Ugandan president commends students for irrigation innovations
Note: This post originally appeared on the blog of the Feed the Future Innovation Lab for Horticulture, one of the major supporters of the Innovations in Dry Season Horticulture Project.
In Uganda, President Yoweri Museveni attended a graduation ceremony this month at Busitema University, lauding the institution and its students for their work with irrigation innovations.
Students and faculty members at Busitema University are part of a Horticulture Innovation Lab project focused on developing farmer-led irrigation solutions. The project is led by Kate Scow of UC Davis, with additional partners from the Teso Women Development Initiative, the National Semi Arid Resources Research Institute and others.
“I want to encourage you. You’re on the right path, and I will give you all my support,” Museveni can be heard saying in the video from NTV Uganda, below left. “A university is the place for innovations and knowledge generation. It is also a place where the future of our youth is forged through education and where our people’s lives are changed through community outreach.”

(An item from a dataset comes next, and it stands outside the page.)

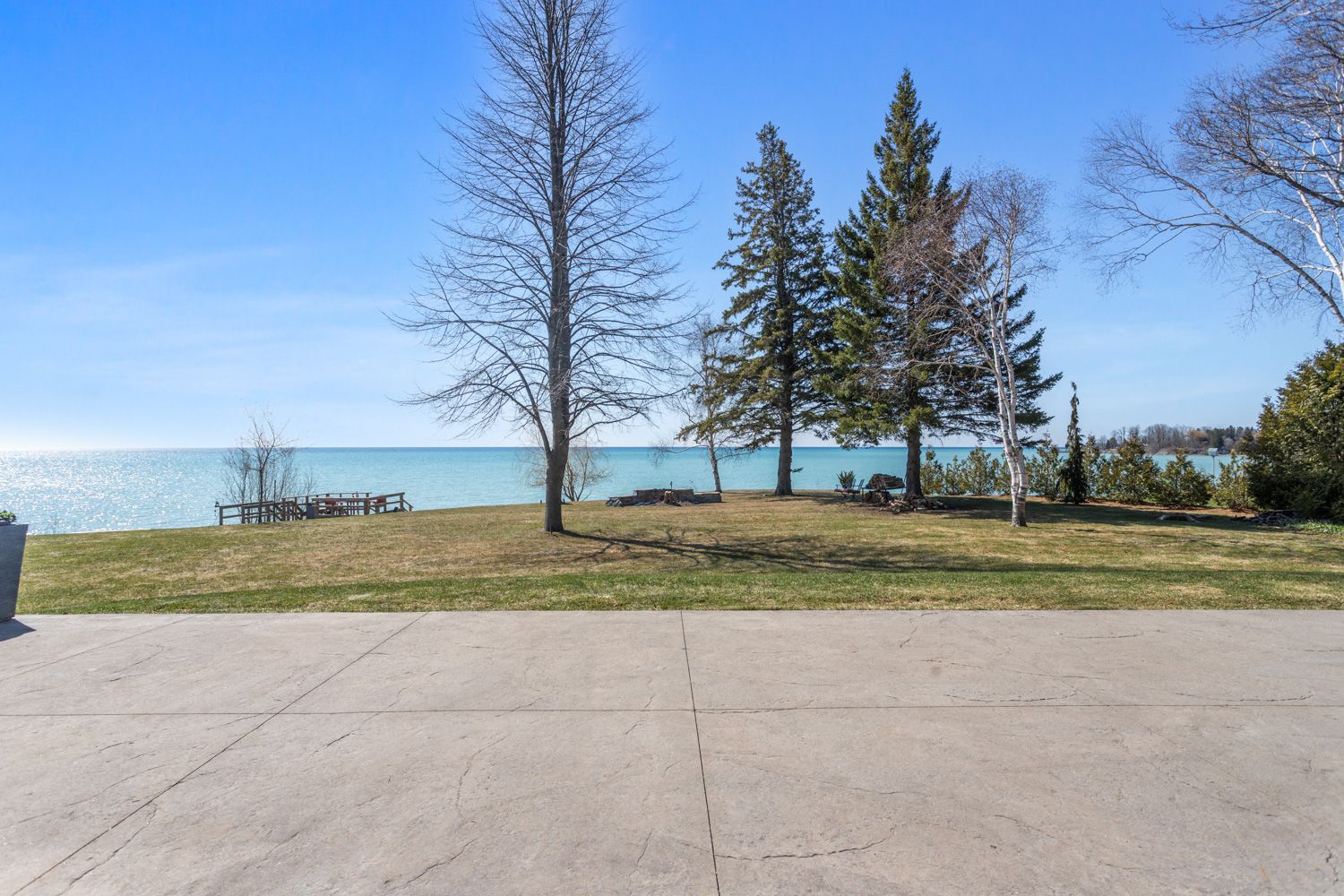 • Large outdoor entertainment space with patio, fire pit, and lake access.

Among the irrigation prototypes featured at the ceremony (and in the video) was a self-propelled “hydro wheel,” which is designed to pump water from a stream to farmers’ plots. The hydro wheel was designed by one of the day’s graduates: Goden Nawamanya, who earned a bachelor’s degree in Agricultural Mechanization and Irrigation Engineering. The hydro wheel is currently being tested at the Horticulture Innovation Lab’s demonstration site in Tente, Busia.
“This is going to help the farmers so that they don’t have to rely on rainfall to irrigate their crops,” explains Marion Engole, lecturer at Busitema University in the department of Water Resources and Mining Engineering in the Faculty of Engineering.

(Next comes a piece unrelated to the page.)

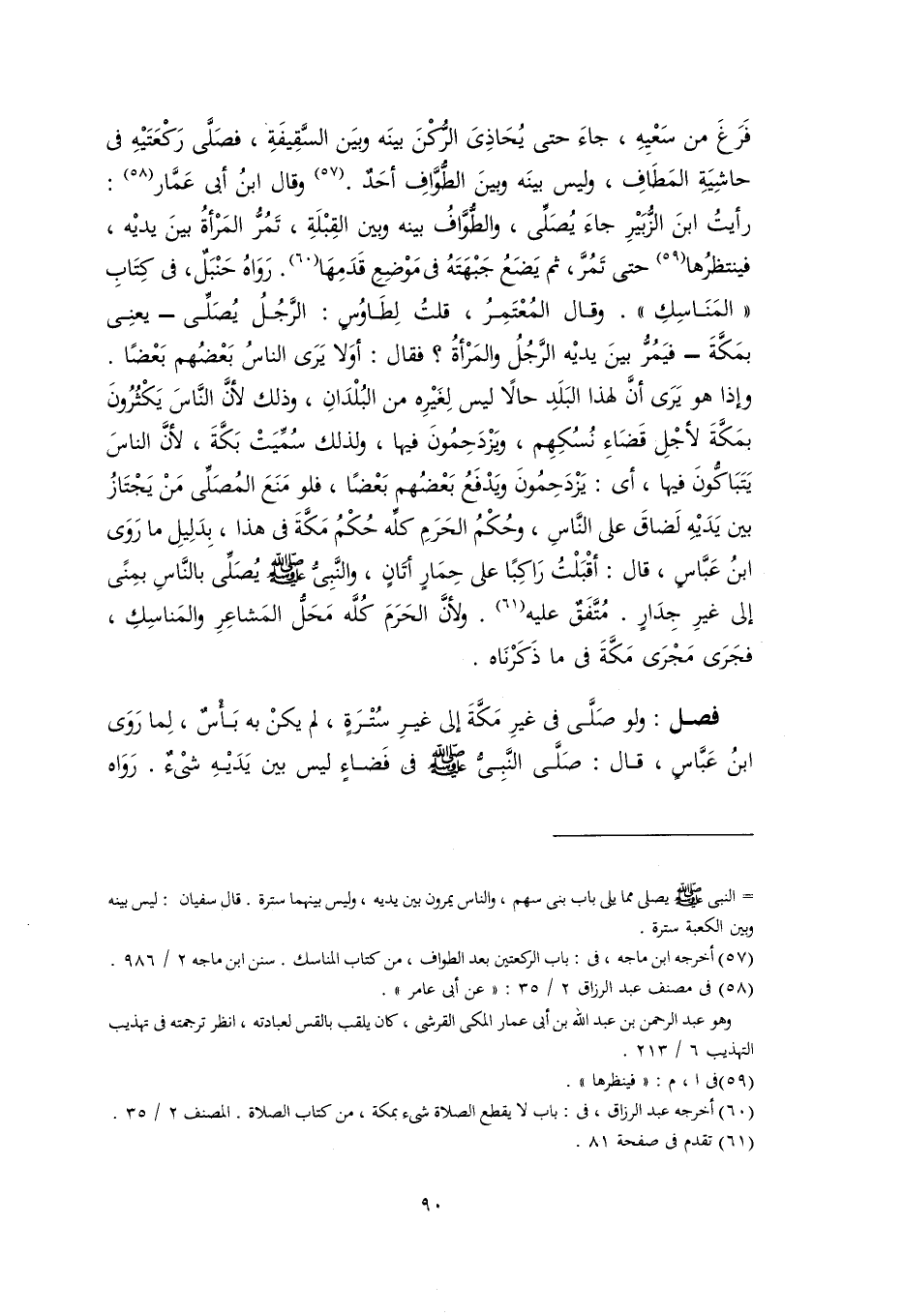 (٦٠) أخرجه عبد الرزاق، في: باب لا يقطع الصلاة شيء بمكة، من كتاب الصلاة. المصنف ٢/ ٣٥.

Catherine Wandera of Busitema University has coordinated the team’s activities with the university and gathered an active team of students to participate in the project as research assistants and interns. The Horticulture Innovation Lab project has included students studying irrigation engineering and agronomy.

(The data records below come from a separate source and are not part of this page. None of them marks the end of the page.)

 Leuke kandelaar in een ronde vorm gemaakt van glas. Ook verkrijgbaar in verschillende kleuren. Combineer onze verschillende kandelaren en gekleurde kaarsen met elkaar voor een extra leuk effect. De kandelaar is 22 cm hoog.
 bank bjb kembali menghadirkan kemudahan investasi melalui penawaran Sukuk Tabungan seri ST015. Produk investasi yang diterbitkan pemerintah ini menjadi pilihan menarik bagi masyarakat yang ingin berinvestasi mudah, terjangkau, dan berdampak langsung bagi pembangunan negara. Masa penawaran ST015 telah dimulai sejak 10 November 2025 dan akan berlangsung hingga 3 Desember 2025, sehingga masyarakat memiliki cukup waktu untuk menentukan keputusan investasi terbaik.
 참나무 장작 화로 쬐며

Also graduating that day was Andrew Ebic, who worked as a research assistant on this project and earned a master’s of science degree in Irrigation and Drainage Engineering. His research with the project focused on land suitability assessment for surface irrigation in the Tororo district.
“I am beyond proud to see these students show off their innovations and their efforts helping farmers. It is wonderful that they have been working so closely with these rural communities—even the president himself is remarking on it,” said Scow, back at UC Davis.
The project involves using a participatory research approach to help farmers in Eastern Uganda identify, adapt and implement small-scale irrigation technologies for vegetable production. This project is supported by the Horticulture Innovation Lab with funding from the U.S. Agency for International Development, as part of the U.S. government’s global hunger and food security initiative called Feed the Future.